**Exercise objective:** Everything in the data except the pictures belongs in your answer, copied exactly.

**Recorded data:**
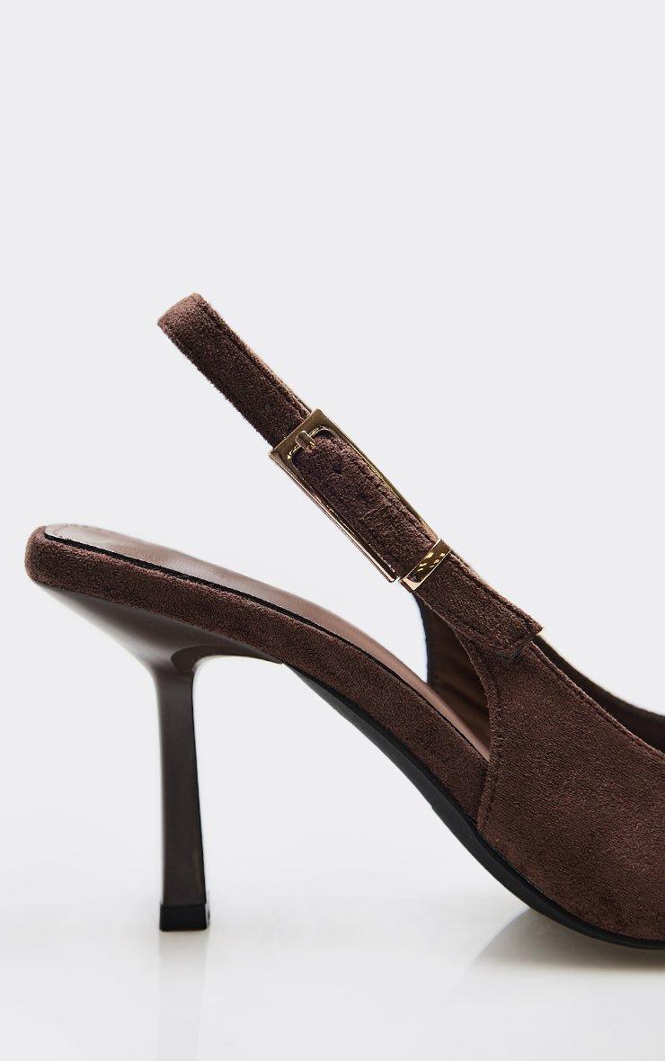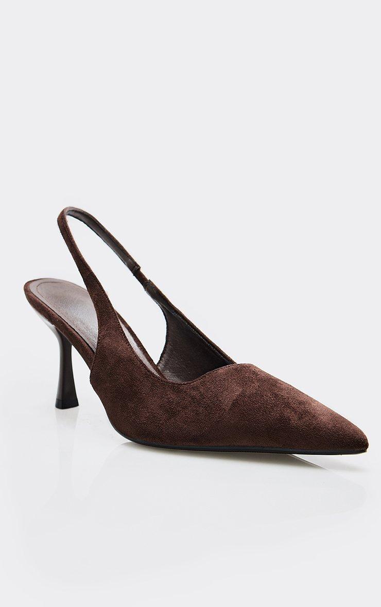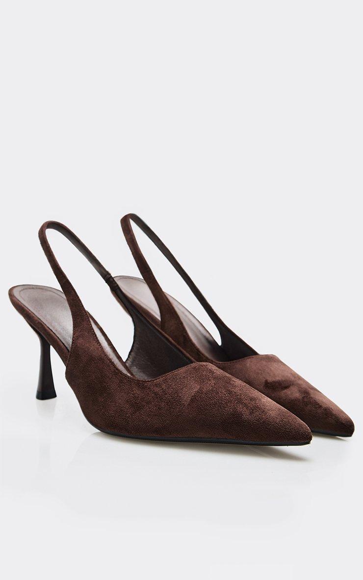 Mixed Pointed Toe Slingback Court Heel In Brown Faux Suede
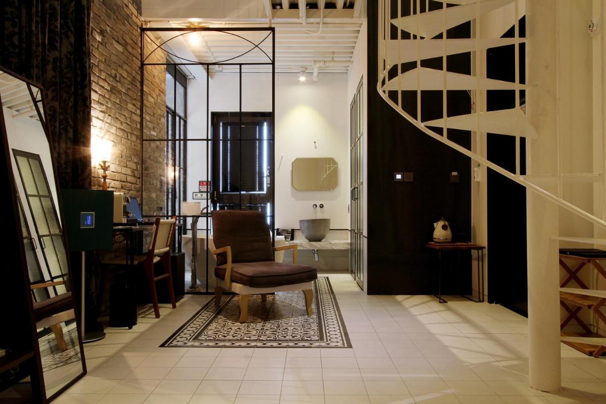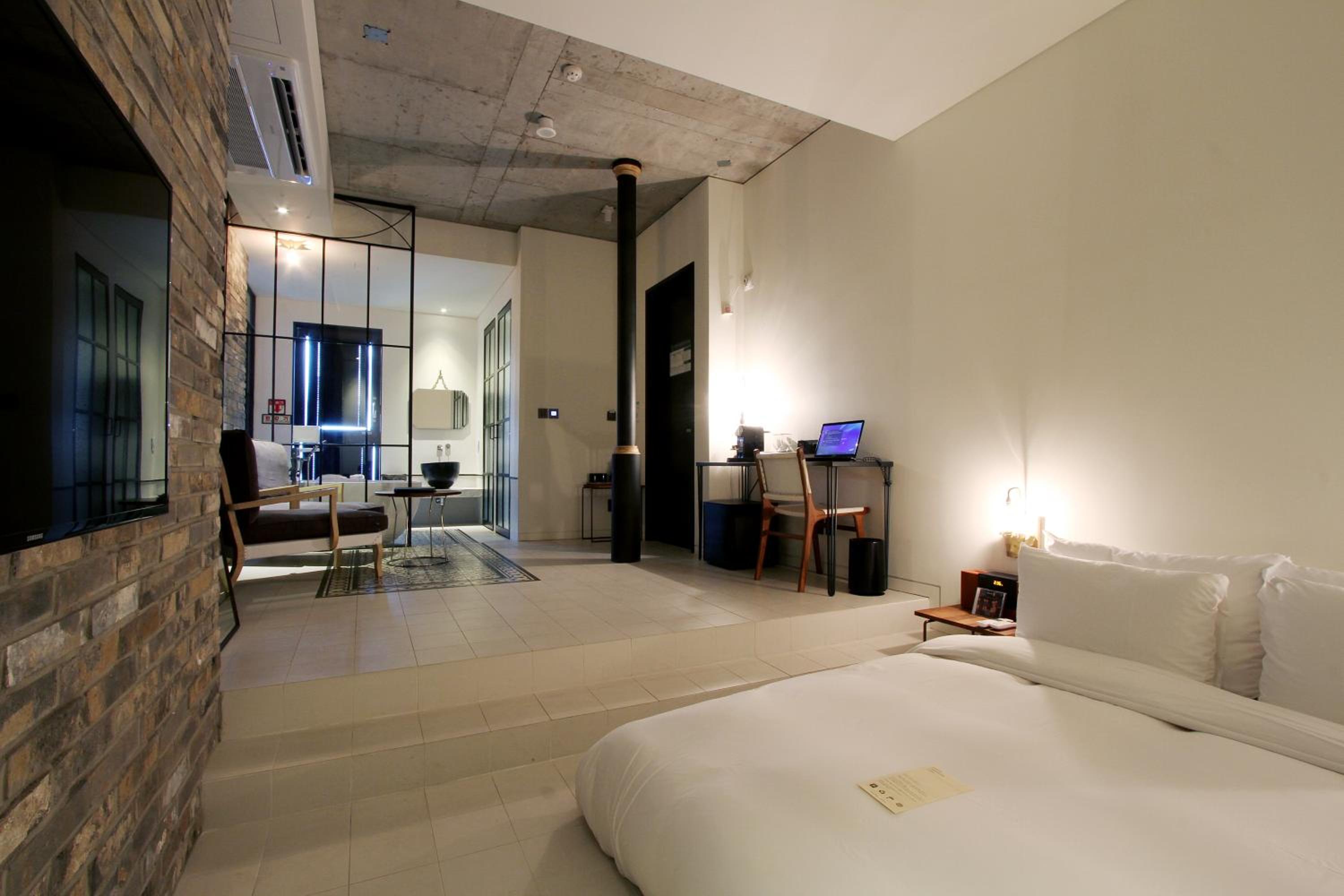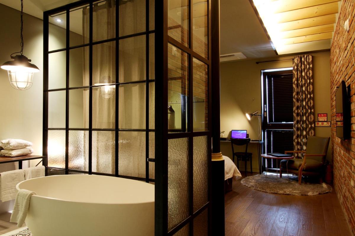Because it's a boutique loft it has a different set up than most hotels, for example having a bath in the room. Shower and the toilet were separately. A sink in the room by the window. It was a different experience in a good way. While you stay there- there's a gym next door and go check out the awesome Owl's House (부엉이산장) nearby for a dinner.
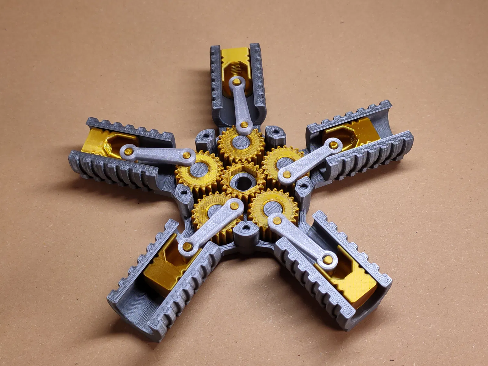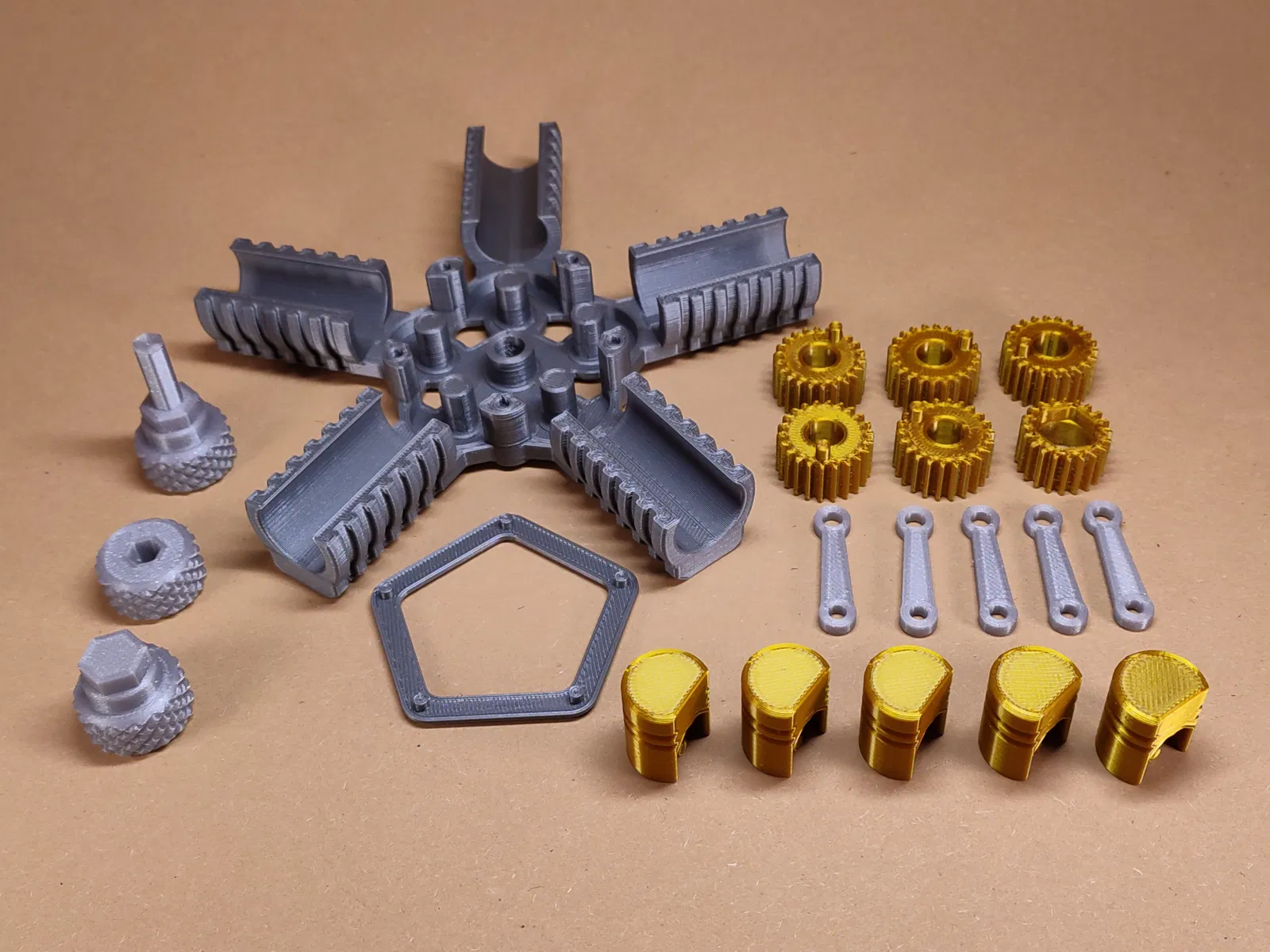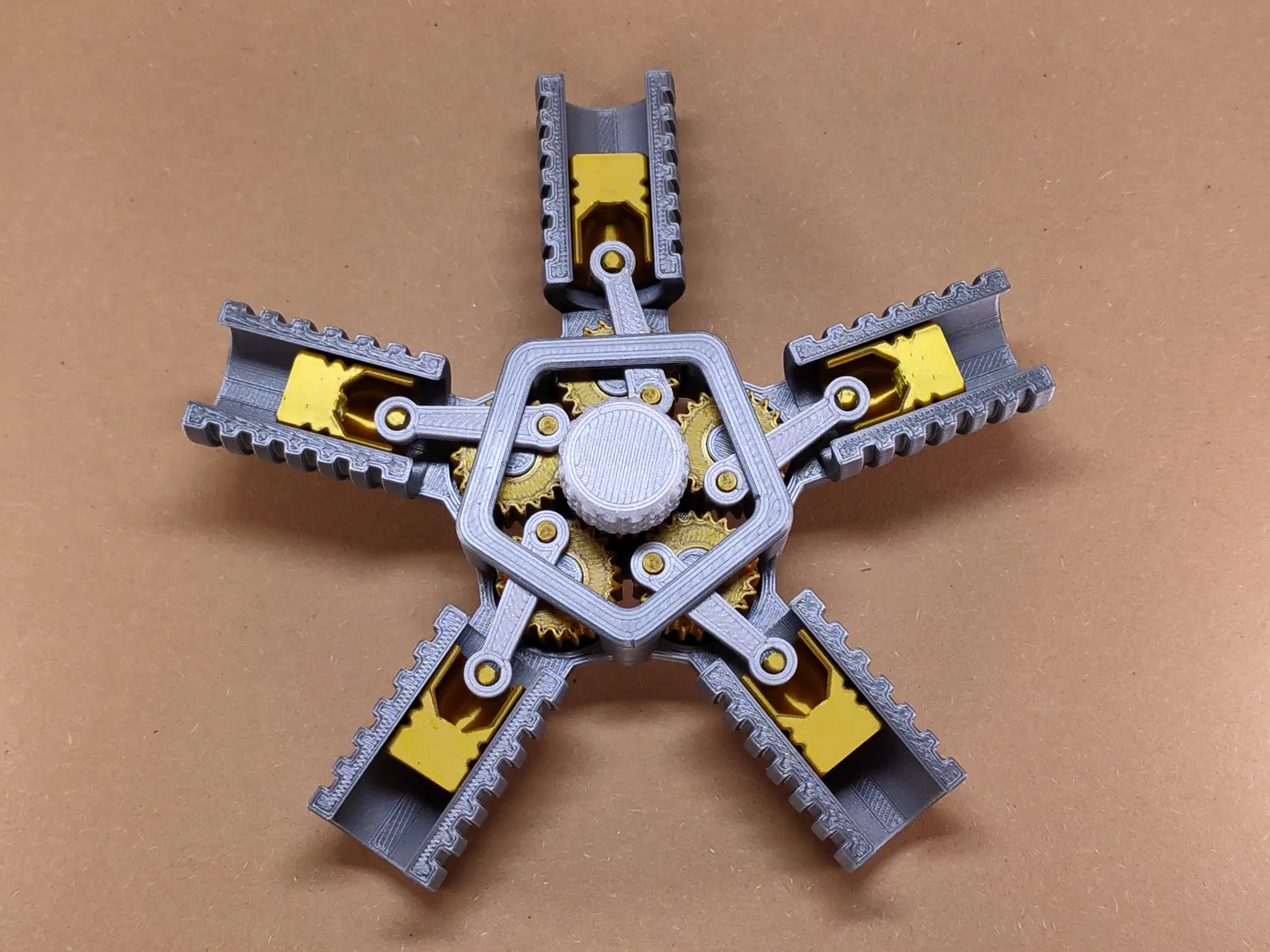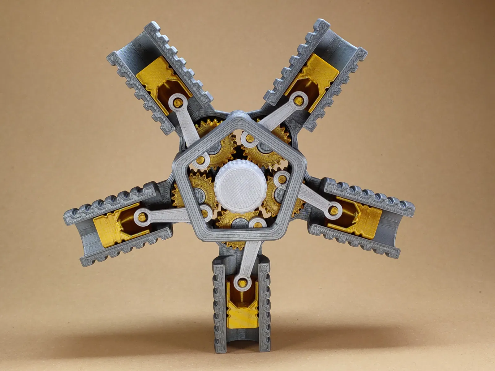 Engine Fidget 5 piston dành cho ai mê động cơ và bánh răng. Lắp ráp đơn giản: gắn gear trung tâm, gear ngoài, piston và rods, rồi lắp nắp vỏ. Muốn xoay từ phía sau thì gắn Knob A/B; nhớ làm sạch lỗ và seam để chạy mượt.

**Reply:**
 Mixed Pointed Toe Slingback Court Heel In Brown Faux Suede
Because it's a boutique loft it has a different set up than most hotels, for example having a bath in the room. Shower and the toilet were separately. A sink in the room by the window. It was a different experience in a good way. While you stay there- there's a gym next door and go check out the awesome Owl's House (부엉이산장) nearby for a dinner.
 Engine Fidget 5 piston dành cho ai mê động cơ và bánh răng. Lắp ráp đơn giản: gắn gear trung tâm, gear ngoài, piston và rods, rồi lắp nắp vỏ. Muốn xoay từ phía sau thì gắn Knob A/B; nhớ làm sạch lỗ và seam để chạy mượt.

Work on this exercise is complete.